**Problem details**
A verbatim copy is needed of the lines below from the one containing "Among these 830" up to and including the one containing "- I know Thundertusk", excluding pictures.

Entries taken from a collection:
================

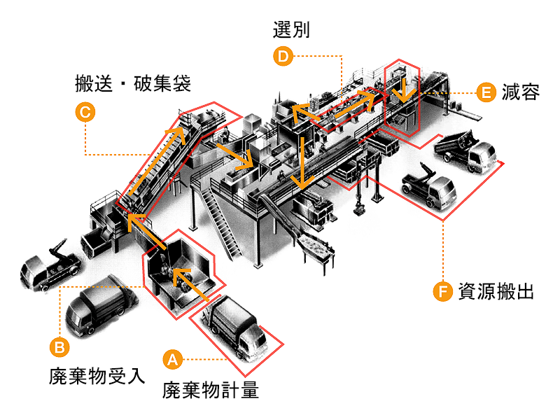 持続可能な循環型社会の構築に欠かせないごみ処理システム。とくに、ごみから資源化へと廃棄物を有効活用できる、処理システムの開発に対するニーズは年々、高まっています。そこで、各メーカーでは高性能な機器の開発が進んでいますが、大事なことはそれらの機器を効率的に組み合わせ、スムーズに稼動するシステムを構築することです。当社は、ニーズに合わせて、最も効率的な分別資源化システムを提案するワンストップサービスを行っております。
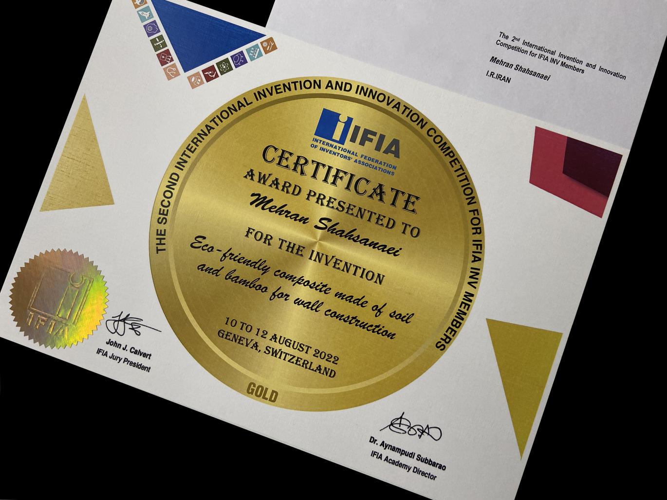 Among these 830 submissions, Shah Sanaei's proposal titled "Eco-friendly composite material for constructing load-bearing walls that are resistant to lateral forces" was honored with the gold medal in Class C (Architecture, Civil Engineering, Building, Construction, and Materials).
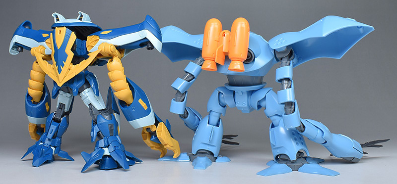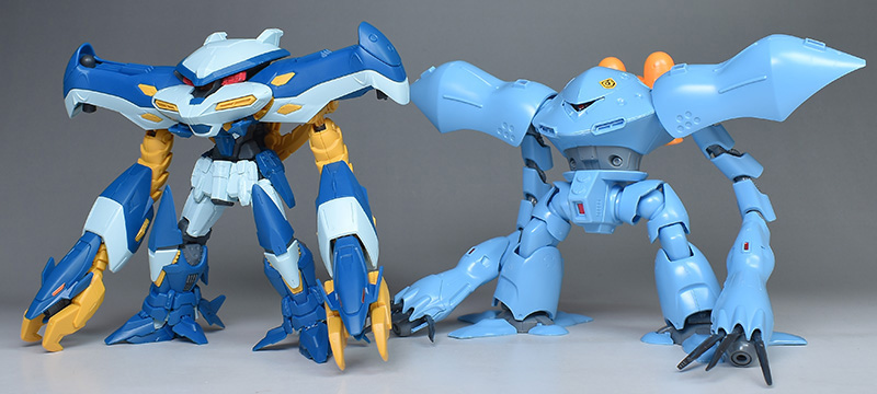 HGUCハイゴックと並べて比較。情報量に差はありますが、腕の長さや丸みのある頭部(胴体部)などシルエットはよく似ています。MS形態から変形するというギミックを交えつつもハイゴックらしい容姿がうまく再現されていると思います。
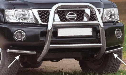 Угловые трубы для бампера Nissan Patrol – это декоративные элементы на передний бампер автомобиля.
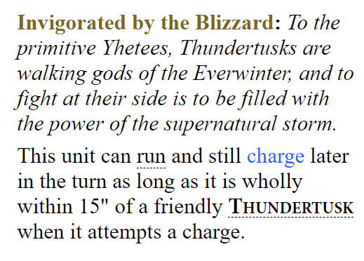 - I know Thundertusk Generals unlock Yhetee battleline and you can charge if someone redeploys out of your 6″ ” pile in, but whatever. ↩︎
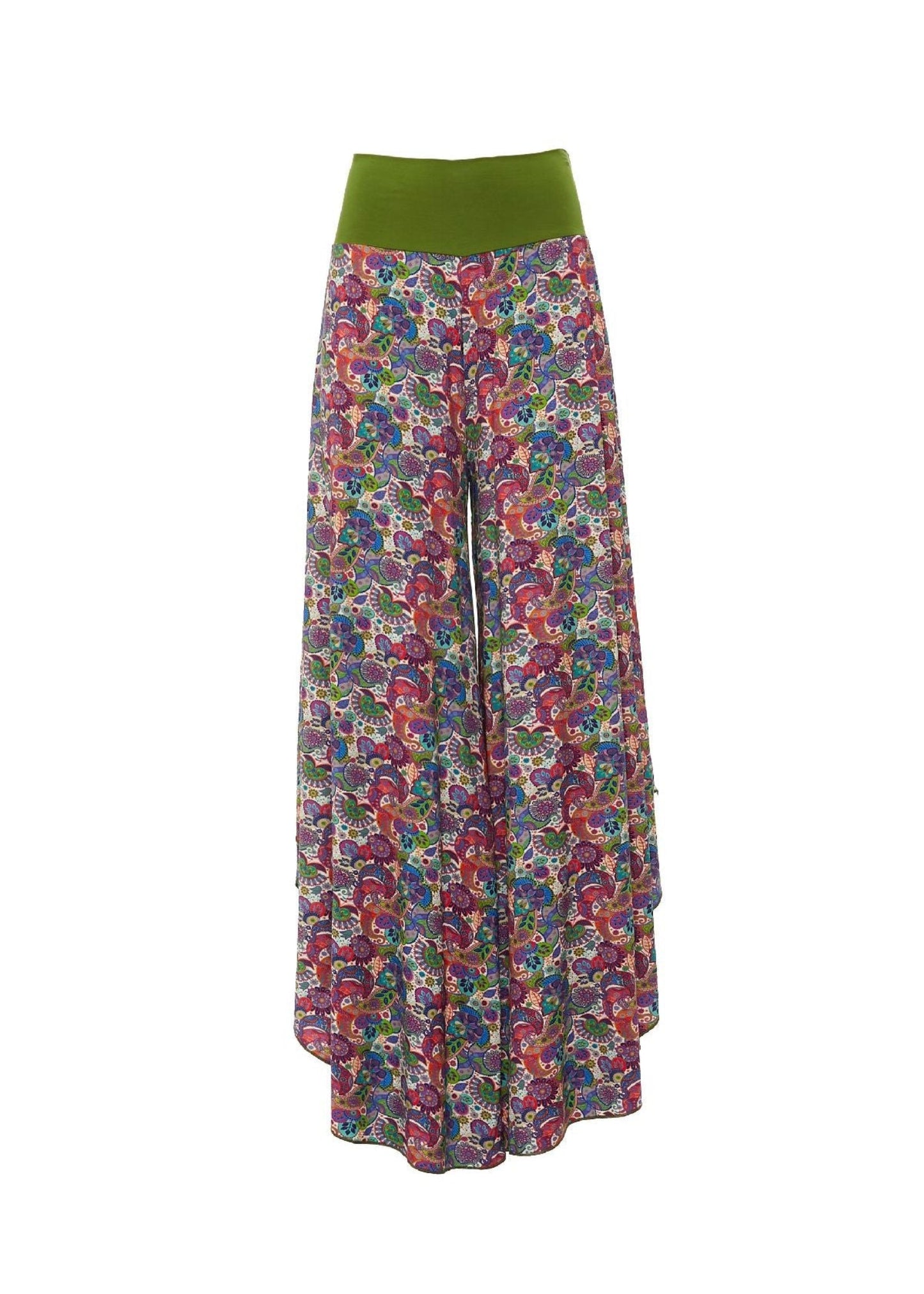 ¡Vive el ambiente de fiesta con estos fantásticos pantalones de la línea curvy de Baba Design! Corte asimétrico, línea con curvas, entre las más de moda, y un patrón psicodélico para un toque de extravagancia divertida. ¡La cintura elástica garantiza la máxima comodidad, asegurando que no te perderás la fiesta!

================

**Expected output**
 Among these 830 submissions, Shah Sanaei's proposal titled "Eco-friendly composite material for constructing load-bearing walls that are resistant to lateral forces" was honored with the gold medal in Class C (Architecture, Civil Engineering, Building, Construction, and Materials).
 HGUCハイゴックと並べて比較。情報量に差はありますが、腕の長さや丸みのある頭部(胴体部)などシルエットはよく似ています。MS形態から変形するというギミックを交えつつもハイゴックらしい容姿がうまく再現されていると思います。
 Угловые трубы для бампера Nissan Patrol – это декоративные элементы на передний бампер автомобиля.
 - I know Thundertusk Generals unlock Yhetee battleline and you can charge if someone redeploys out of your 6″ ” pile in, but whatever. ↩︎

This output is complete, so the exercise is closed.